Venom-induced consumption coagulopathy (VICC) is an important feature of snake envenoming.


To investigate the effect of antivenom and fresh frozen plasma (FFP) on recovery of VICC in Australian elapid snake envenoming.


Prospective cohort study.


Patients with VICC were included from the Australian Snakebite Project (ASP). Time to recovery of VICC (defined as time until INR <2) was investigated using a time to event analysis in WinBUGS. The model considered the effects of age, sex, snake type, time of antivenom after bite, antivenom dose and use of FFP within 4 h.

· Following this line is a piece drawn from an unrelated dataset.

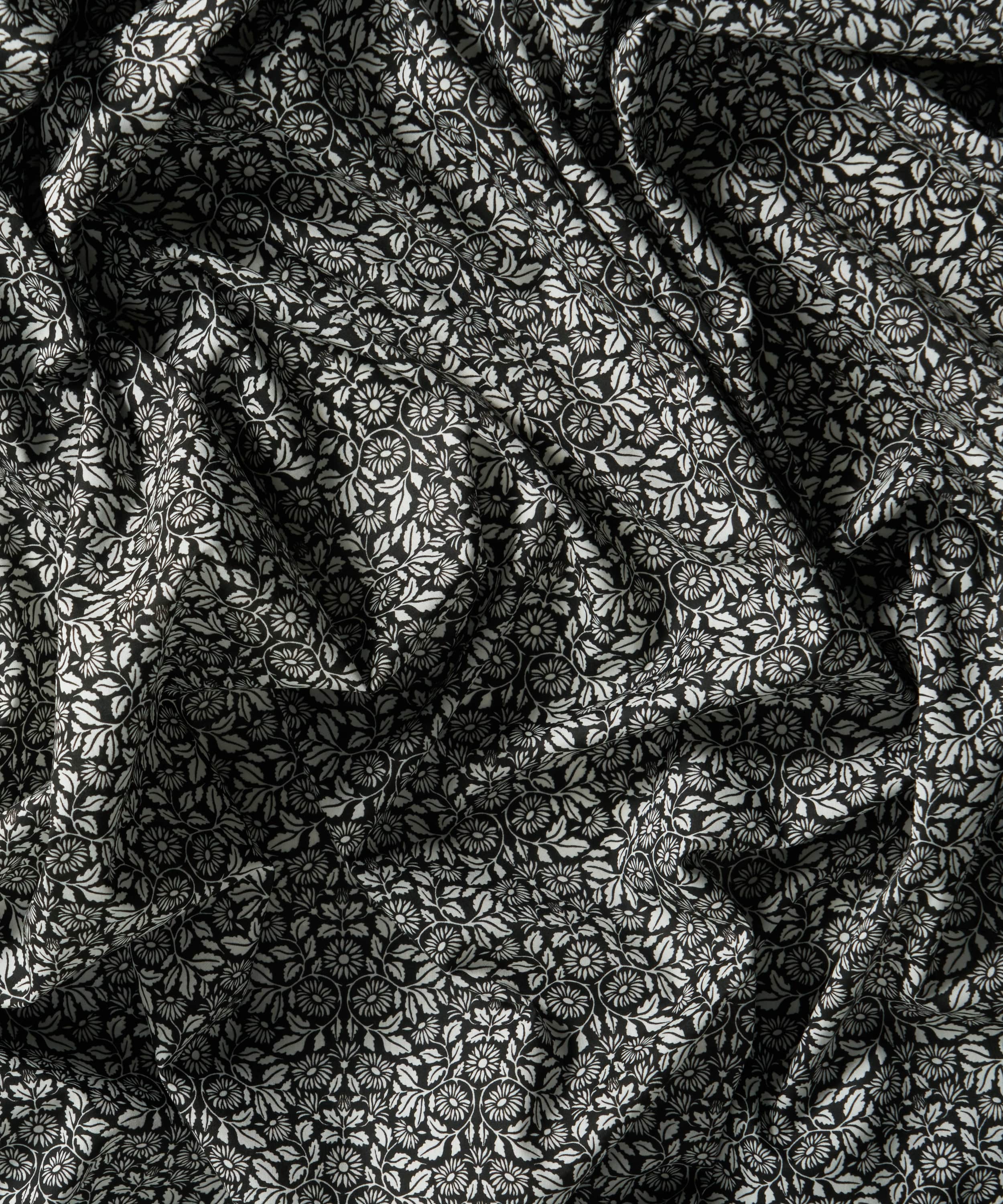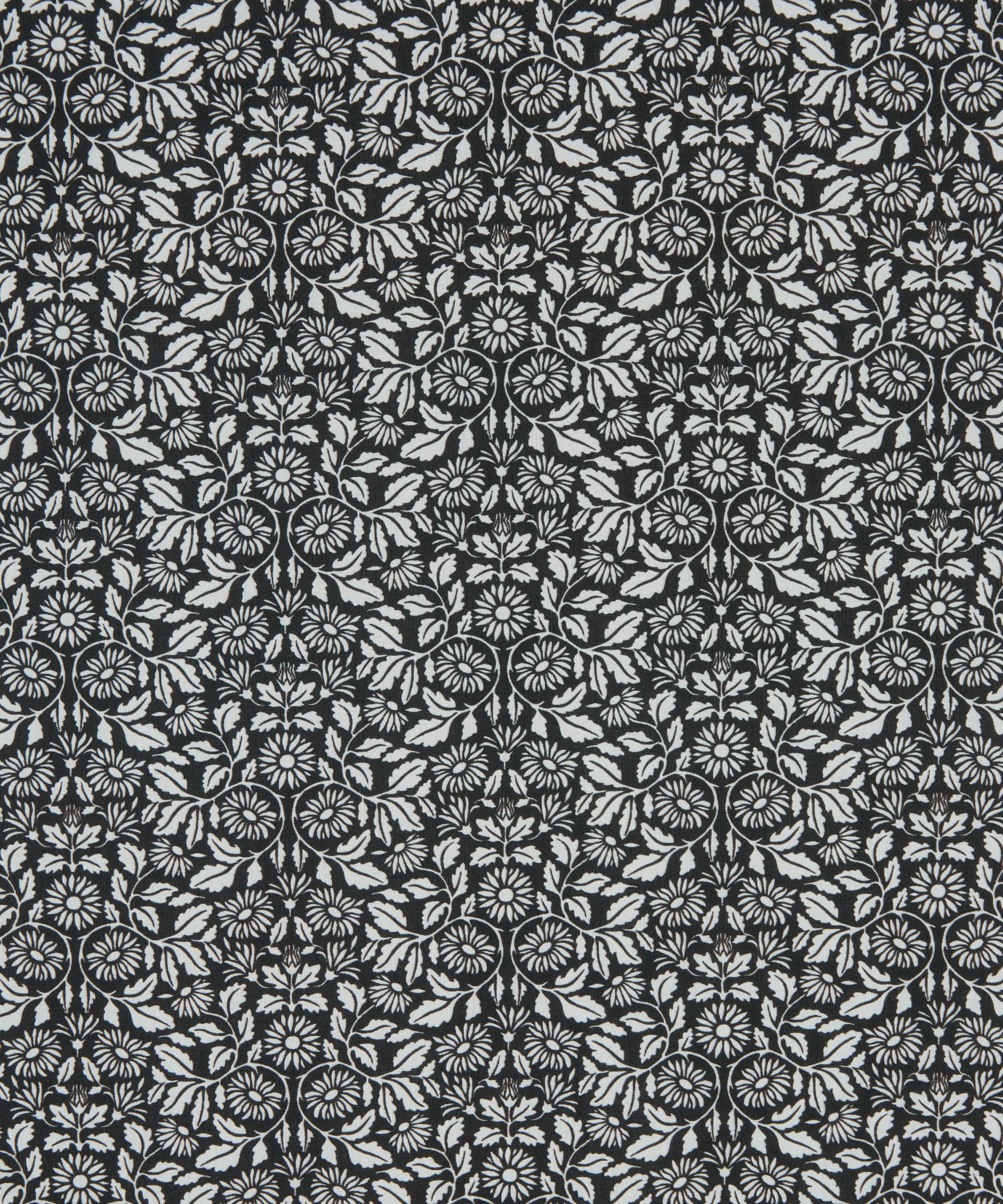 「ハンリー・フォレスト」に見られるアール・ヌーヴォーの要素から着想を得た、モノクローム表現の「クレイ・デイジー」。簡潔に描かれたデイジーと流れるような葉のモチーフを、連続するクライミング・トレリスのような構成へと再構築しています。左右対称のレイアウトは、釉薬タイルの装飾的なスクロールワークを想起させ、構築的なフォルムとツートーンの配色が、汎用性の高い、現代的で洗練されたキャラクターを生み出しています。

The study included 167 cases of VICC, median age being 41 [interquartile range (IQR): 28-53) years, and 130 (78%) were males. Antivenom was administered at a median of 3.6 (IQR: 2.2-5.6) h after the bite at a median dose of four vials (IQR: 2-6 vials). Thirteen patients received FFP within 4 h. Recovery of VICC occurred after a median of 14.4 (IQR: 11.5-17.5) h, and only the use of FFP within 4 h influenced the time to recovery. Neither antivenom dose nor time of antivenom administration had an effect on recovery of VICC. In patients administered with FFP, 12% [credible interval (CrI): 6-21%] and 81% (CrI: 61-94%) had recovered at 6 and 12 h, respectively, vs 2.5% (CrI: 1.5-4%) and 28% (CrI: 22-34%) not receiving FFP.


Antivenom did not appear to be effective for the coagulopathy in snake envenoming in Australia. FFP appeared to shorten the time of VICC recovery.